Ponte City’s grand opening was in 1975. Standing at 54 storeys and 173m, she was the tallest building in Africa for 48 years straight. She was beaten by a skyscraper in Egypt, measuring a mere 5m taller.
Her fall from grace to grimy led her to being declared the first vertical slum in Africa. The original occupancy rate of this building was 1 000 people. When it was declared a slum, 8 000 people lived in Ponte City without running water or electricity.
Witness accounts describe a time when the 11th and 12th floors were used to house a large brothel, along with one of the parking levels. And many can’t forget the images of garbage piled up to the 14th floor. The tower of rubbish took three years to clean. Twenty-three bodies were found inside.
Trucks could not access the area, so all the garbage was removed by a team of workers. Since 2014, the internal windows have been welded shut.
The building underwent a revamp right before the 2010 World Cup. Today it is home to more than 2 000 residents.
I have driven past and written about the building for many years and finally getting inside to see the interiors for myself was a full-circle moment for me.

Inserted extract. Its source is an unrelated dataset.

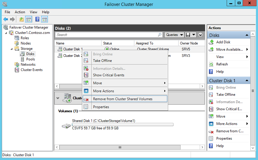 Удалить диск из CSV так же просто, как и добавить — надо просто открыть контекстное меню для диска и выбрать «Remove from Cluster Shared Volumes».

When writing about Ponte, I have to be honest but I also have to be kind.
When I entered the site, my tour guide told me not to worry if I heard a loud bang because residents sometimes threw nappies and rubbish out the windows.
When we walked inside, I was pleasantly surprised by the security and biometric setup. They’ve also installed 480 cameras inside and around the building, with 24-hour security.

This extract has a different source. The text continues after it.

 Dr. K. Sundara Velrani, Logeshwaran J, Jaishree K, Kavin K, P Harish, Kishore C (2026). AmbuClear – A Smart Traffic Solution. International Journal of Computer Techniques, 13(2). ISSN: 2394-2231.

I signed in. On the other side of the turnstiles was a box with keys on the floor. A simple system for schoolchildren to pick up their keys and get into their homes if their parents are at work.

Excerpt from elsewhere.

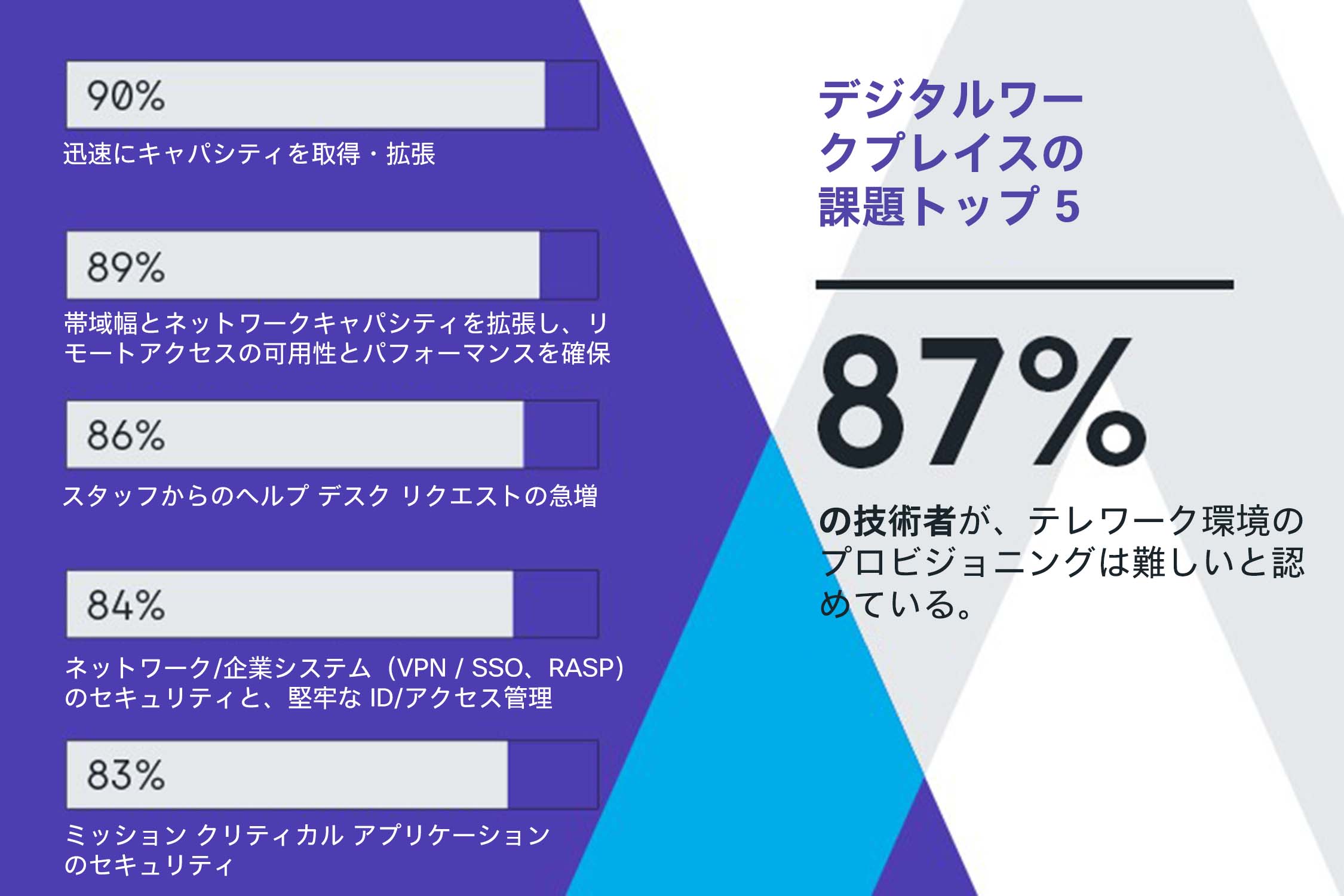 本調査により、技術者たちがあらゆる方面からプレッシャーを受けていることが明らかになっています。デジタル化をスピードアップし、従業員の大部分を在宅勤務に移行させると同時に、ネットワークを管理して、テクノロジースタック全体のセキュリティを維持しなくてはならないからです。

We then took a ride up to what was once a prized penthouse suite. Today, it’s been converted into an entertainment room with a bar for residents to use. Plenty of engagements, baby showers and after-work get-togethers are held here.
The view from the top is bittersweet. To think that back in the ’90s, you could rent the penthouse I was standing in for R800 a month. It would include: four beds, two lounges, a braai area, sauna and jacuzzi. It would also be fully furnished.
While Ponte’s story is productive, her surroundings remain in shambles. Bless Berea because she has a long way to go.
We also viewed the community centre. Teachers volunteer to support children with their homework after school. It’s a colourful classroom where children can learn.
On the ground floor, there is convenience retail for the residents. I visited the fruit and veg seller, fast food and takeaway shop, meat shop, tailor and pizza shop.
Then it was time to visit the infamous core of Ponte. Built on a slanted hill, the circular core design was essential for the terrain. Walking down the cold metal staircase to get to the eerie, dark centre, you immediately feel a veil of murk move over you. Finally, you stand on the rock in the centre of Ponte.
Suddenly, a bang.
Someone threw an entire bag of garbage into the middle of where we were standing. The tour guide assured me that someone would clean that; they clean up every day.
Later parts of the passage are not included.